Шехэб, юго-восточный ветер, дует из Аравийской пустыни. Огненные тучи песка, взметаемые вихрем до неба, падают косо и шумно, как град. Солнце багровеет, чернеет, как уголь. В полдень надо зажигать огни. В черном, душном, как бы подземном, мраке люди и животные задыхаются, растенья погибают. Вихрь длится не более часа; если бы продлился, все сгорело бы, как в огне пожара.

В огненном мраке Шехэба Дио лежала на ложе, как мертвая. Буря выла за стеною так, что весь дом сотрясался, точно рушился. Кто-то, казалось, стучал кулаками и бросал пригоршнями песка в запертые ставни окон. Пламя лампады колебалось от ветра, проникавшего сквозь стены.

Вдруг дверь отворилась, кто-то вошел.

— Зенра, ты? — окликнула Дио.

Вошедший не ответил. Приблизился к ложу. Дио узнала Таммузадада и не испугалась, не удивилась, как будто ждала его. Он наклонился к ней, усмехнулся: нет, не Таму, — Мерира. Пристальней вгляделась — опять Таму, и опять Мерира; то один, то другой; перемежались, переливались, как два цвета на двуличневой ткани. Ниже наклонился, заглянул ей в глаза, как будто спросил. Знала, что если бы только глазами ответила «нет», он ушел бы; но молча закрыла глаза. Он лег рядом с нею и обнял ее. Она лежала как мертвая.

Когда он ушел, подумала: «Сейчас пойду удавлюсь!» Но все лежала как мертвая. Может быть, уснула, а когда проснулась, Шехэб затих, прояснело и огни лампад побледнели. Вошла Зенра, и Дио поняла, что это был бред.

После Шехэба наступили свежие дни. Сладкое дыханье северного ветра веяло под кущами вечнозеленых пальм и кедров, благоухавших, как фимиамные кадильницы. Только изредка доносился оттуда, где был Шэол, смрад как бы тлеющей падали, и Дио тогда вспоминала свой бред в Шехэбе.
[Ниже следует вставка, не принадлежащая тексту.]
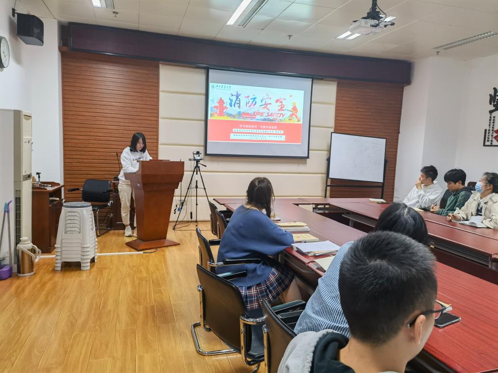 接着,马瑞仙从防火基本知识、宿舍火灾原因分析、火灾的预防与管控、火灾事故处置、火场逃生与疏散、消防事故责任追究共六个方面向大家分享安全知识。她着重阐述了宿舍火灾原因分析和火场逃生与疏散两部分内容。她指出,冬季在宿舍用电方面应该尤其注意,不要在宿舍使用大功率电器取暖,例如电热毯、小太阳等;使用插线板时,应注意及时拔掉插头;宿舍没人时应及时断电。多注意平时生活细节,防患于未然。如不幸发生火灾,一定要采用正确的逃生方法,不要贪恋财物和乘坐电梯。在日常生活中,应当多注意观察走廊的安全指示灯;学会使用灭火器。

Это была последняя вспышка болезни. Рана зажила так, что от нее остался только бледно-розовый, на смуглой коже, рубец над левым сосцом, и Дио была уже здорова.

Царь однажды подарил ей великолепный свиток папируса, золотистого, как старая слоновая кость, углаженного кабаньим зубом до совершенной гладкости, тонкого, крепкого, нетленного.

Папирус был дорог и употреблялся только для самых важных записей; все же прочее писалось на глиняных или деревянных дощечках, плоских, белых камнях или даже на черепках глиняной битой посуды.

Дио долго искала и не могла найти, какого писанья достоин этот драгоценный свиток; наконец, нашла.

Все ученье царя было устно: он сам никогда ничего не записывал и другим не позволял это делать.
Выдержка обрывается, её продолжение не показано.